I used regular colored concrete blocks for my tortoises borrow because it had holes down through it. Instead of cementing it, I packed wet mud down into the holes with a stick. I did eventually make changes to it by making it longer and I have to say it didn’t want to come apart with the dried hard mud holding it together. The concrete block doesn’t look as nice as the brick, but it is strong and also provides a planter above.

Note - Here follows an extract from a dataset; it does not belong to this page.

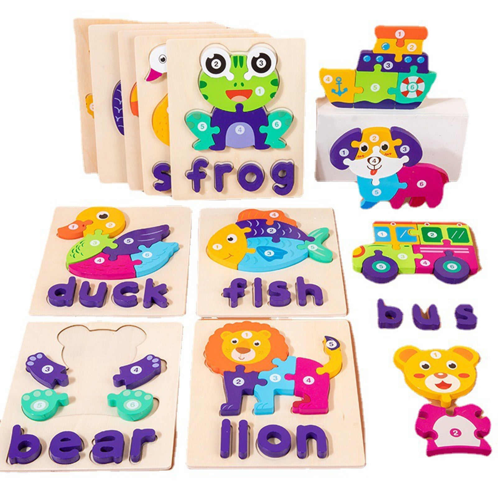 Kripyery Puzzle Matching Game Smooth Surface Cartoon Pattern Wooden Toddler Jigsaw Diy Assembling Puzzle Sensory Toy For Children Walmart Com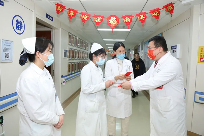 為生命開路者,不可使其困頓于荊棘。1月31日下午五時(shí),總經(jīng)理兼黨支部書記朱敏、院長(zhǎng)項(xiàng)耀鈞攜吳春芳、周克祥、郭榮峰等院領(lǐng)導(dǎo),深入各科室,親切慰問(wèn)值守人員,送上新年紅包、慰問(wèn)信和美味盒飯。院領(lǐng)導(dǎo)的關(guān)懷如春風(fēng)化雨,滋潤(rùn)心田,讓所有人如沐春風(fēng),倍感溫暖。

Oh I just now noticed that this was an old thread. I thought you just did this.


----------



## Team Gomberg (Jul 5, 2015)

@JohnnyB65 You are absolutely right though. I moved and was able to give all the brick to a friend. Had it been cemented...well... Based on your car jack story, you get it. That was hilarious btw..


----------



## Tort Love (Jul 5, 2015)

Team Gomberg said:


> It was brought to my attention that Luke Skywalker's tort house wouldn't offer him a cool enough retreat during our warm/hot SoCal weather.
> 
> The thread to see his house is here:
> http://tortoiseforum.org/threads/new-outdoor-cdt-house.90294/#post-841444
> ...


Love this very cool and so cute


----------



## Jacqui (Jul 6, 2015)

JohnnyB65 said:


> Hi Heather, it looks good and I have to tell you that it is probably better to not cement them in place just in case you ever want to make changes. I built an above ground pond many years ago and cemented it all together, but after about 5 or 6 years later I decided that I wanted to move the pond. I had cemented it so well that I could not break it apart and had to use a car jack to lift it up and roll it out on pipes.
> 
> Now I only build things that can be taken apart. I used Patio Wall Blocks for my second pond without the concrete and have made numerous changes over the years.
> 
> ...



I love the look you ended up with this by using the choices you made.


----------